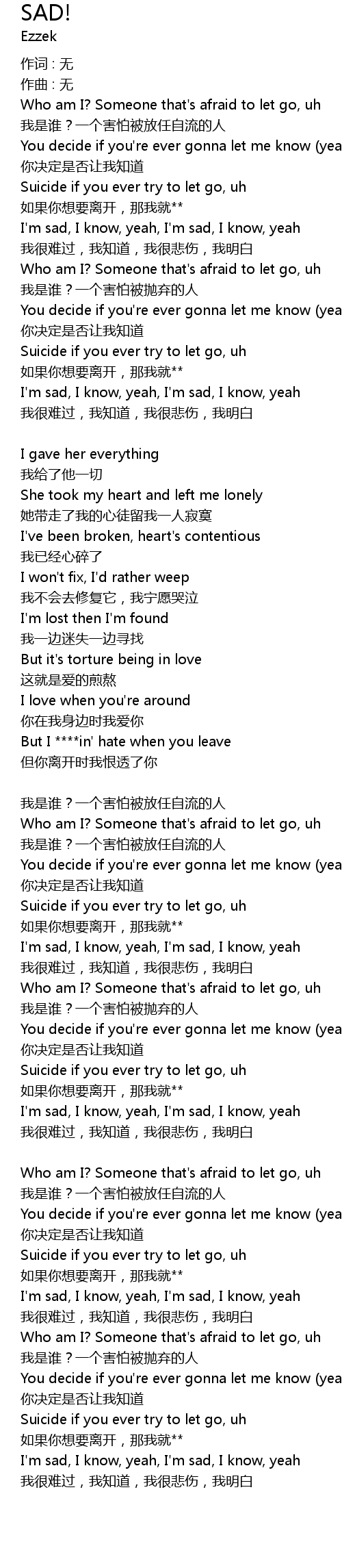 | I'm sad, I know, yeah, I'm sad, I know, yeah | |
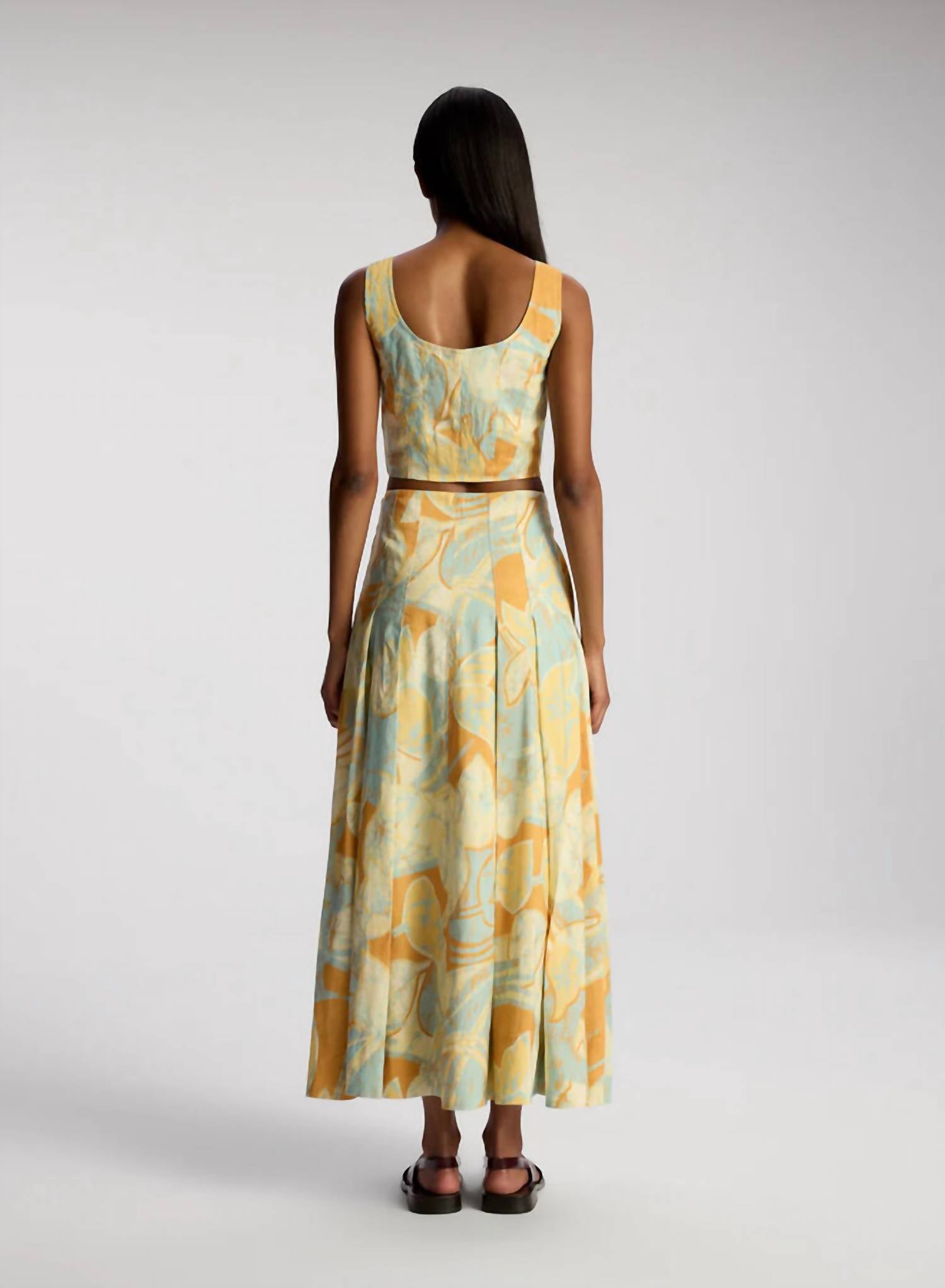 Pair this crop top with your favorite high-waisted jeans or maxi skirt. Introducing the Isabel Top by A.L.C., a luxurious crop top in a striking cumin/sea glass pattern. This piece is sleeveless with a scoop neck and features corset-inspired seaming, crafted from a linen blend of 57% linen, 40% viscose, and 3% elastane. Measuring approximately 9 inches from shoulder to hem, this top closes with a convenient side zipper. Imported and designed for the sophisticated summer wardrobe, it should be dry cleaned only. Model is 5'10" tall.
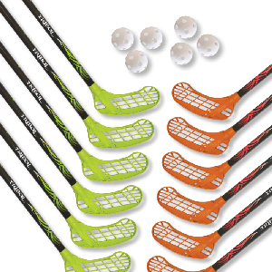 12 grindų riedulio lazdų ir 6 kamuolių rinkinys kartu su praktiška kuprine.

--

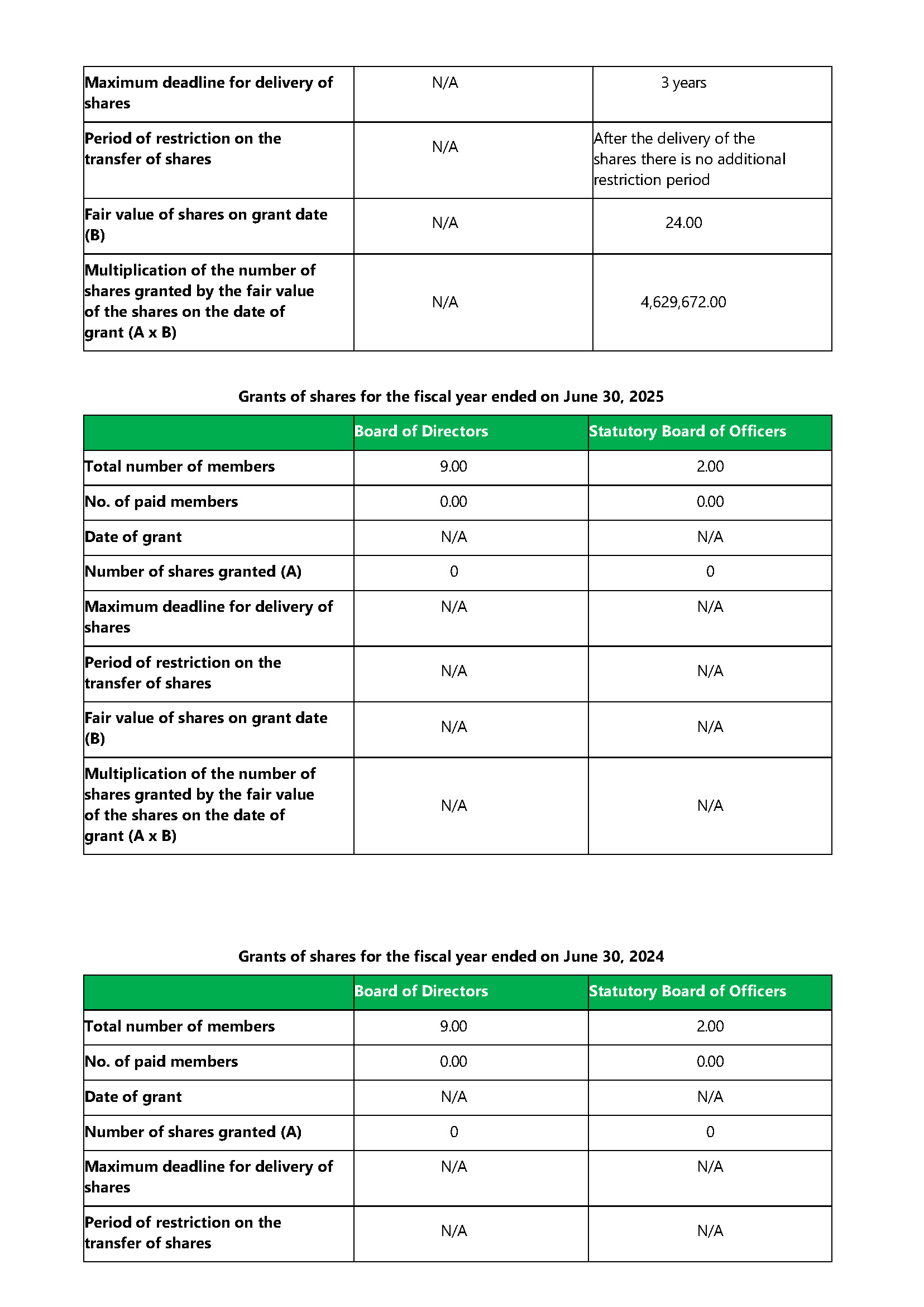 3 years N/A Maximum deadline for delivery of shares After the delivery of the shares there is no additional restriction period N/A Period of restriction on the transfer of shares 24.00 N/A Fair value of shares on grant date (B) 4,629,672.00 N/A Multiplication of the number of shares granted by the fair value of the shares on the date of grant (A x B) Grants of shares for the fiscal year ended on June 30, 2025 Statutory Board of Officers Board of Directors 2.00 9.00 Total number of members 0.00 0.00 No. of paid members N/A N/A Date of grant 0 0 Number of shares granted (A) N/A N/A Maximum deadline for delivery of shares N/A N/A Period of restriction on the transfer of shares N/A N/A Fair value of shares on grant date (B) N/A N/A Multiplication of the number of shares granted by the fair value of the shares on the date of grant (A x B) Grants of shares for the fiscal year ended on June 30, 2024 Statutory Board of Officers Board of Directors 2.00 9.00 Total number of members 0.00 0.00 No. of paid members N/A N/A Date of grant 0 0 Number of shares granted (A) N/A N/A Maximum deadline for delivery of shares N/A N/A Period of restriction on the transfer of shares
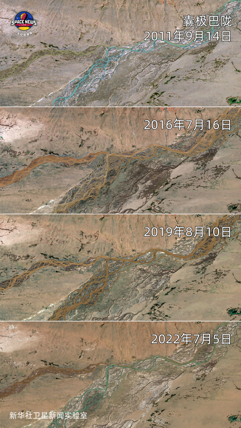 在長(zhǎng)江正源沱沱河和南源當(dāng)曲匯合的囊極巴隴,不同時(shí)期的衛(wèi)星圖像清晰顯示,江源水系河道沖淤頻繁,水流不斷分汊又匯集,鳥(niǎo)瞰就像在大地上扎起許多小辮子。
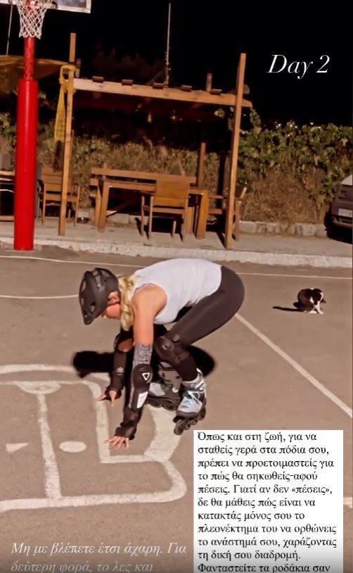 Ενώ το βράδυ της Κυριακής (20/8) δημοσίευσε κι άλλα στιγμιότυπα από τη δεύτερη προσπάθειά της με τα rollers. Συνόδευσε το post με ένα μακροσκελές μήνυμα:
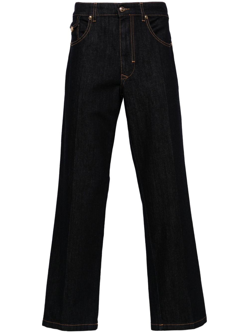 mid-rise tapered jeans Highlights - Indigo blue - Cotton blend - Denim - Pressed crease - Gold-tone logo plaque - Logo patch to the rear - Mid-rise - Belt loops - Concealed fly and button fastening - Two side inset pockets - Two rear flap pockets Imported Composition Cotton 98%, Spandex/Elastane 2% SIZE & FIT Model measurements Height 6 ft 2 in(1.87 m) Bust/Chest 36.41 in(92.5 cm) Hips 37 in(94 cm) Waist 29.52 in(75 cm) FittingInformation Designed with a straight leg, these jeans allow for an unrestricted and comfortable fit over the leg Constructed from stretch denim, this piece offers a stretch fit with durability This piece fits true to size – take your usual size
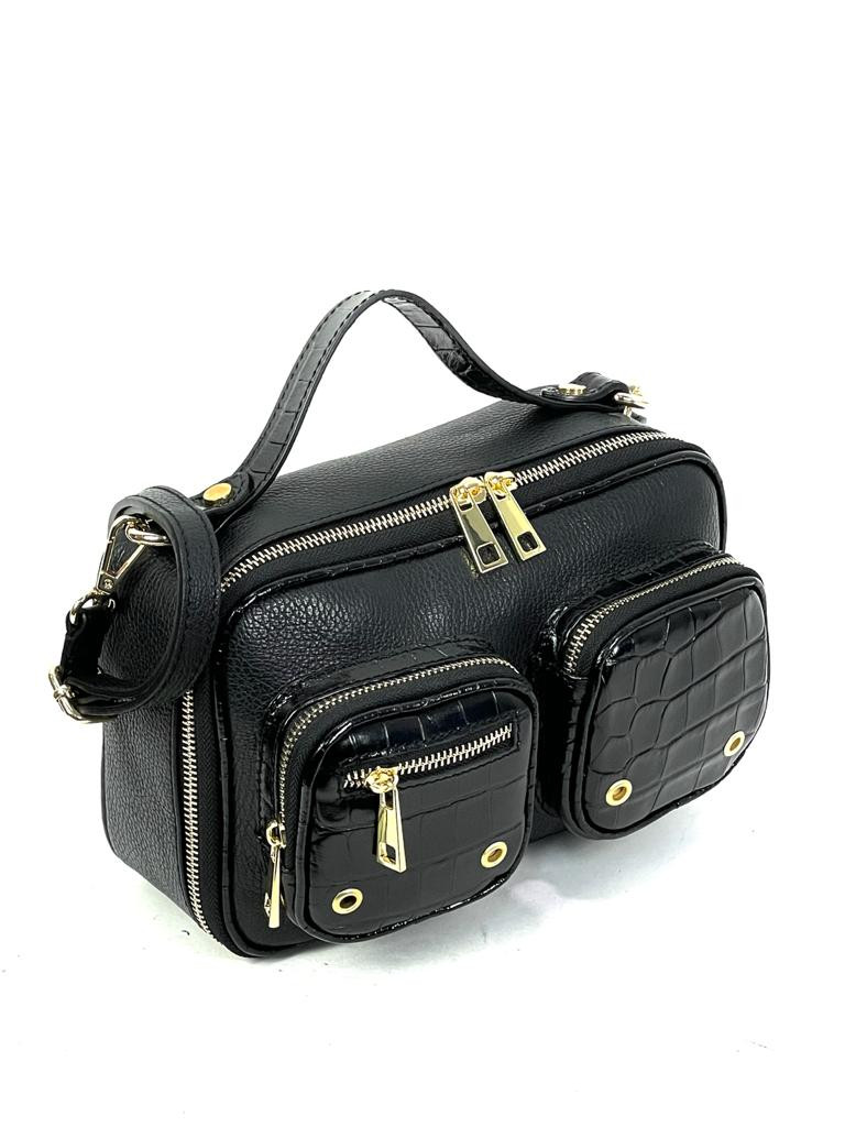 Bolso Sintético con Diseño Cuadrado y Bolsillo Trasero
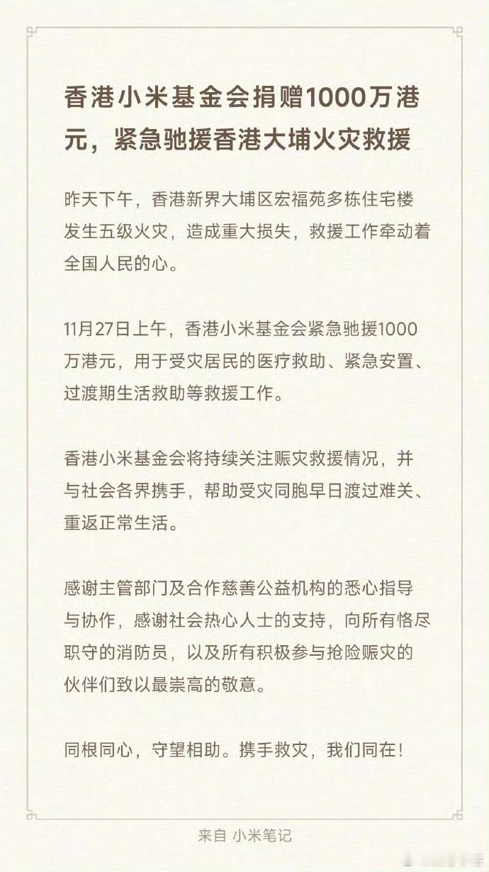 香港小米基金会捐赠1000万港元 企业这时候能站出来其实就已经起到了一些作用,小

---

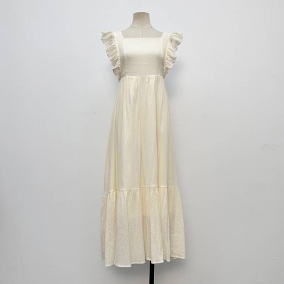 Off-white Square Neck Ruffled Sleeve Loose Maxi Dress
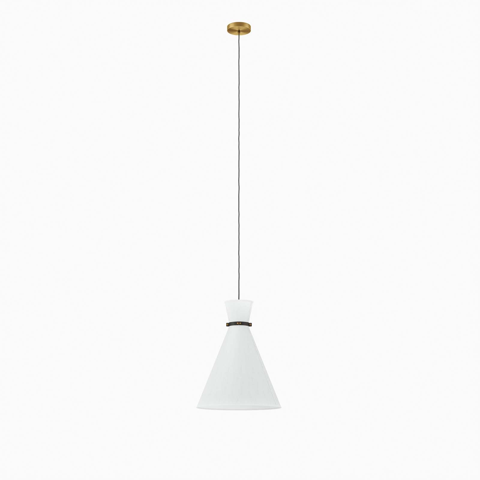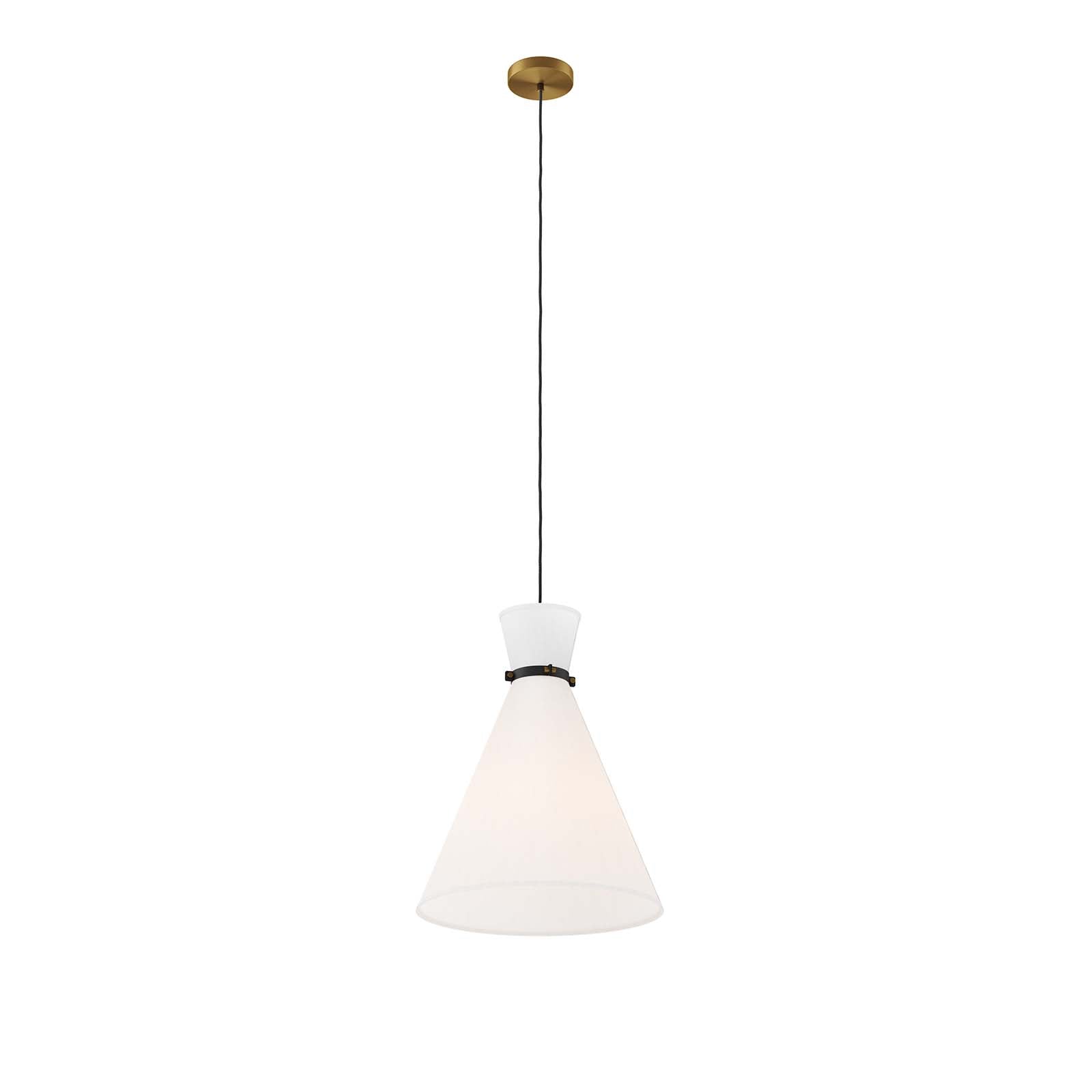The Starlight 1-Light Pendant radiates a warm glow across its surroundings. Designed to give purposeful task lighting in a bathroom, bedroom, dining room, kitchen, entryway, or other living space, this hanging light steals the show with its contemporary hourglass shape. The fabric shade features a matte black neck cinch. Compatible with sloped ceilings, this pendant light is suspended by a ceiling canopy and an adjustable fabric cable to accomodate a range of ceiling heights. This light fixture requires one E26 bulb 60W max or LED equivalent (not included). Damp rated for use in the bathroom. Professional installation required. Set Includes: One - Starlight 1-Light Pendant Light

• EXERCISE DESCRIPTION: Out of the records above, return only the lines from the one with "Bolso Sintético con" through the one with "香港小米基金会捐赠1000万", exactly, and none of the pictures.

• ANSWER:
 Bolso Sintético con Diseño Cuadrado y Bolsillo Trasero
 香港小米基金会捐赠1000万港元 企业这时候能站出来其实就已经起到了一些作用,小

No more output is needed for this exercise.